JAKARTA, MEDIAJAKARTA.COM – Wajah koridor bisnis Kuningan bakal berubah total. Pemerintah Provinsi DKI Jakarta melalui Dinas Bina Marga memastikan penataan lanjutan di Jalan HR Rasuna Said, Jakarta Selatan, terus berjalan usai pembongkaran 109 tiang monorel di sisi timur jalan rampung.
Pembongkaran tiang proyek mangkrak itu bahkan selesai lebih cepat dari target.
Kepala Pusat Data dan Informasi Dinas Bina Marga DKI Jakarta, Siti Dinarwenny, mengatakan penataan kawasan dilakukan secara bertahap sepanjang koridor strategis tersebut.
“Penataan kawasan dilakukan secara bertahap,” ujar Siti seperti dikutip Mediajakarta.com dari laman resmi Pemprov DKI Jakarta, Kamis (26/2).
Median Jalan Dibongkar, Geometri Jalan Dirapikan
Tahap berikutnya, Dinas Bina Marga akan membongkar median jalan sebagai bagian dari pemerataan geometrik atau leveling jalan. Langkah ini dinilai penting untuk menciptakan kontur jalan yang lebih rata, aman, dan fungsional.
Tak hanya itu, proses leveling akan dilakukan bersamaan dengan penataan saluran air serta jalur pedestrian atau trotoar.
“Kegiatan leveling jalan dilakukan bersamaan dengan penataan saluran air dan jalur pedestrian atau trotoar,” jelasnya.
Artinya, proyek ini bukan sekadar mempercantik tampilan jalan, tetapi juga menyentuh aspek teknis seperti drainase dan kenyamanan pejalan kaki.
Usung Konsep Complete Street
Penataan Jalan HR Rasuna Said mengusung konsep complete street.

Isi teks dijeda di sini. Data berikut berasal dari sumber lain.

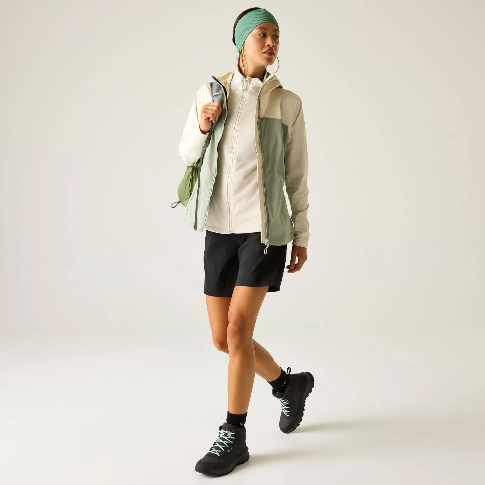Praktyczne detale, takie jak kieszenie zapinane na zamek, kaptur ze ściągaczem i regulowany dół, zwiększają funkcjonalność podczas noszenia. Kurtka jest dodatkowo wyposażona w ochronę UV UPF 50+, dzięki czemu niezawodnie ochroni Cię podczas przebywania na słońcu. Materiał stanowi połączenie poliestru i poliestru z recyklingu dla zrównoważonego stosunku wytrzymałości do komfortu.

Konsep ini menempatkan semua pengguna jalan—mulai dari pejalan kaki, pesepeda, pengguna kendaraan pribadi, hingga penyandang disabilitas—sebagai prioritas dalam desain ruang jalan.
Fasilitas yang akan dibangun meliputi:
-
Trotoar yang nyaman dan estetis
-
Aksesibilitas bagi penyandang disabilitas
-
Jalur sepeda
-
Taman dan ruang hijau
-
Manhole utilitas terpadu
-
Saluran air dan sistem drainase
-
Fasilitas penyeberangan
-
Penerangan Jalan Umum (PJU)
Dengan konsep tersebut, kawasan Rasuna Said yang dikenal sebagai pusat perkantoran dan bisnis di Jakarta diharapkan menjadi koridor yang lebih tertata, aman, sekaligus ramah lingkungan.

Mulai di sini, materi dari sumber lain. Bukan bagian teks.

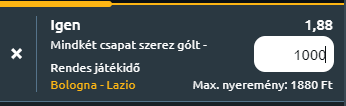 - A Bologna és a Lazio is az elmúlt öt mérkőzésén minden alkalommal tudott gólt szerezni, éppen ezért a mai összecsapáson jó választás lehet a gólváltás!

Dikerjakan Malam Hari, Ada Penutupan Sebagian Jalan
Untuk meminimalkan gangguan lalu lintas, pekerjaan dilakukan pada malam hari. Meski demikian, selama tahap penataan berlangsung akan diberlakukan penutupan sebagian jalan di titik-titik pengerjaan.
“Kami mengimbau kepada masyarakat, khususnya pengguna jalan untuk selalu waspada dan berhati-hati saat melintas di Jalan HR Rasuna Said selama progres penataan kawasan berlangsung,” tandasnya.

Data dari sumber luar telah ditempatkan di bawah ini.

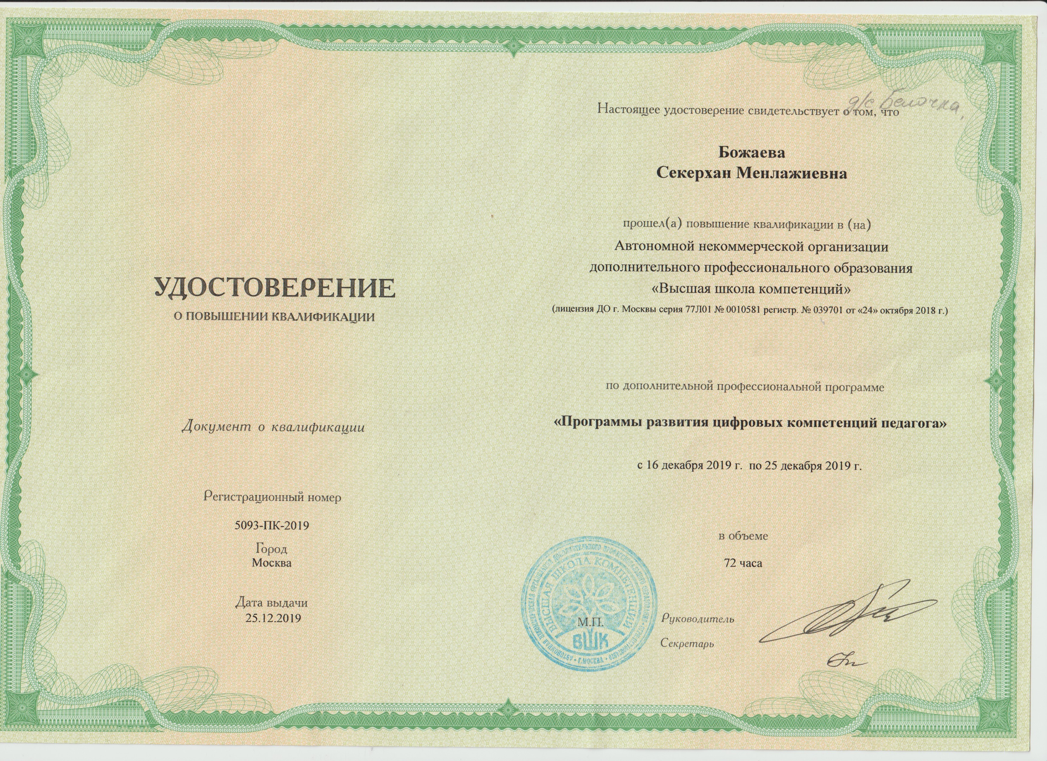 КПК "Программа развития цифровых компетенций педагога"

Pemprov DKI juga menyampaikan permohonan maaf atas ketidaknyamanan yang mungkin dirasakan pengguna jalan selama proyek berlangsung.
Jika seluruh tahapan rampung, Jalan HR Rasuna Said tak lagi sekadar koridor macet penuh beton, melainkan ruang publik modern yang lebih manusiawi dan terintegrasi (Wan)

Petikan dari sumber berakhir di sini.